I am not an Archers' fan, so I don't know whether the characters also emoted over the mistaken bombing of a wedding party in Afghanistan earlier this year or the gassing of thousands of Kurds in Halabja in 1988. Somehow I doubt it. One of the difficulties with anniversaries, which come round with bewildering frequency these days – I am sure there are far more than there used to be – is that they are presented as apolitical events whose only rationale is to express solidarity with the victims and their families.

We are not supposed to ask, when the grief of the bereaved is still raw, why one tragic event deserves so much commentary and analysis and others do not. Few of us will ever forget the sight of desperate people falling to their deaths from the World Trade Centre, but that is precisely my point. Since we are not likely to forget – some Americans apparently regard the 11 September attacks as more significant than the entire Second World War – it is reasonable to ask why it has been deemed necessary to revisit the familiar images of destruction so many times.
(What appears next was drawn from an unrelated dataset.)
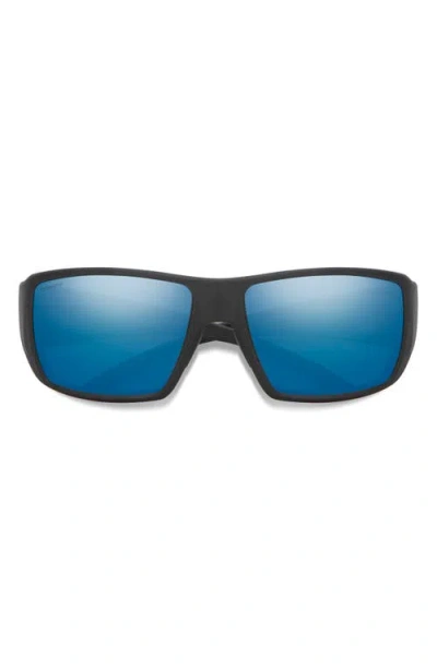 Guide's Choice 62mm Polarized Oversize Wraparound Sunglasses In Black/chromapop Glass Blue

Interviewed in Le Monde last week, a leading French psychiatrist suggested that last year's protracted TV coverage had had a damaging psychological effect and might even have been responsible for a spate of bomb hoaxes. I suspected this at the time, and made a conscious decision not to watch TV at all on 11 September or the days that followed.

Apart from the question of respect for the dead – when you watch the second hijacked plane plough into the south tower, you are witnessing the moment of annihilation for hundreds of terrified airline passengers and office workers – repeated viewing seems to me comparable to consuming pornography. It prolongs the original sense of shock and agitation at events we are powerless to prevent, trapping viewers in a cycle of repetition without resolution. (I have similar reservations about the recent media obsession with the Soham murders.)

As a consequence, I must be one of a tiny handful of people who watched film of the 11 September atrocities for the first time last week. And I could not shake off an uneasy sense that I was being manipulated, because watching in helpless horror is precisely what the terrorists wanted me to do: the attacks are the most dramatic example of what Professor Mary Kaldor calls "spectacle" wars, in which organisations without access to sophisticated modern weaponry achieve their aims by instilling terror.

In that sense, if no other, Mohammed Atta and his followers were hugely successful, destroying America's sense of invulnerability in a single morning. And their fanatical supporters must surely have gloated, when they heard about the huge amount of airtime and column inches devoted to the anniversary. Yet it is not only Islamic terrorists who aspire to control our emotional responses, which was one of the unhappy conclusions suggested by 9/11, an American documentary shown on BBC1 last week.

The film consisted for the most part of jerky footage from hand-held cameras, which two young French film-makers used to record the response of New York fire fighters to the terrorist attacks. Much of it was harrowing, from the sickening thuds as bodies hit the ground outside the twin towers to the uncomprehending expressions of emergency workers as they waited for instructions. Yet some idiot felt it necessary to add a banal commentary and a soundtrack that ranged from "Amazing Grace" to plangent piano chords.

In the context of the escalating war against terrorism, it is impossible not to regard such clumsy aural cues as a form of propaganda, if not an insult to the dead. It also pinpoints the fundamental problem with anniversaries, which is the way they are used to further other agendas. Ruth Archer may not mind being manipulated, but she is a fictional character. I do, which is why I found myself holding back from last week's commemorations.